The Irish, like some others, have always understood the power of the word. Long before there was writing in Ireland, long before Patrick ever brought the Light of Christ or the skills of Brogan the scribe, the Irish were already stringing together words like the jewels of Indra's web. And all the way down to the 20th century, through famine and genocide and the Catholic church, they held onto the power of the word, and the pubs of Ireland were temples to the community that conversation created. It was only when the television invaded the pubs, washing out the warmth of the lamps with the cold glare of the TV tube, that conversation began to die in Ireland.
But there were a few outposts where it still lived--where thoughtful publicans or outraged patrons refused to have the "damned box" in the place--and many of them were in the old Irish enclaves: South Boston, Manhattan and the Bronx, and Chicago's West Side. On a good night, even if you came from the bastard race of the Sassenach and couldn't hold your own in the conversation, you could--like an appreciative punter at a pub session--sit on the edge of the light and soak up the beauty of that old, old mode of converse.

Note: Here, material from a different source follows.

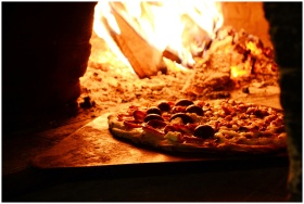 Delicious pizza baking in a traditional wood-fired

There's a great line in Robertson Davies's masterful The Lyre of Orpheus--about the ill-fated decision by a university DMA-composition candidate to try to complete an unfinished ETA Hoffman opera--in which the book's token Celt, a Welsh director, curses the blessing of the gift of gab: "And they all mistrust me, because I'm surrounded by literal-minded morlocks whose tongues are covered in burlap when mine is hinged with gold!".

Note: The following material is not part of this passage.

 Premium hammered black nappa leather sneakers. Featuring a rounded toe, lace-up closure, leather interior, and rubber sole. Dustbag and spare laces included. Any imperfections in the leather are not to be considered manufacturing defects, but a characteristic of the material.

I thought of that line when I read Cynthia Kouril's beautiful, heartfelt tribute to Frank McCourt, which she had the good grace to publish at Firedoglake prior to his decease. After a litany of the wonderful old Irish pubs of Manhattan--mostly different ones than I knew, because she's of the literati and I was hanging in the City's music bars--she reminisces about hearing McCourt holding forth after Mass. For the musicians, the weekend mode was to play all night at a house party or--less frequently, at a dance hall--after which they'd shave, change their collars, and go off to Mass, before coming home to a huge Sunday dinner and taking up the tunes again.
For the writers, it was the White Horse in the Village, upon which Dylan Thomas had bestowed a benediction in the '50s, where the idea of the Voice, the greatest newspaper in America, had been hatched, and in which Bob Zimmerman, Mailer, Jimmie Baldwin, Kerouac, Dick Farina, and Hunter Thompson had all congregated to try to touch a little of the ancient Druids' linguistic gold.

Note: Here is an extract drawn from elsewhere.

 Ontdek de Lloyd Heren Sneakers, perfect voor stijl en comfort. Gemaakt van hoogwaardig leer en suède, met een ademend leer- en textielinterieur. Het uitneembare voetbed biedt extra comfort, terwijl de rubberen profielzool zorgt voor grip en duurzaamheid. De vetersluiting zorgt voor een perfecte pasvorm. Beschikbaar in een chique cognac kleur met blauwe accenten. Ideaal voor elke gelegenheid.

And it was there, by God--it was there.
Really, do read the whole thing, but the following is where I think Cindy really struck a little gold of her own:
I am so sad. I remember when he would hold forth at the White Horse Tavern in the Village. He had such an agile mind and strung words together like fine jewels. He was an artist and words were his palette. I remember one Sunday, going there for brunch with Margaret Breen, and it was our great good fortune to be there when “himself” was telling stories. I don’t think that either of us girls said a word, just ate our brown bread, eggs and tea and listened in awe.Go raibh mile math agait, Proinsias. Dia leat. Safe home.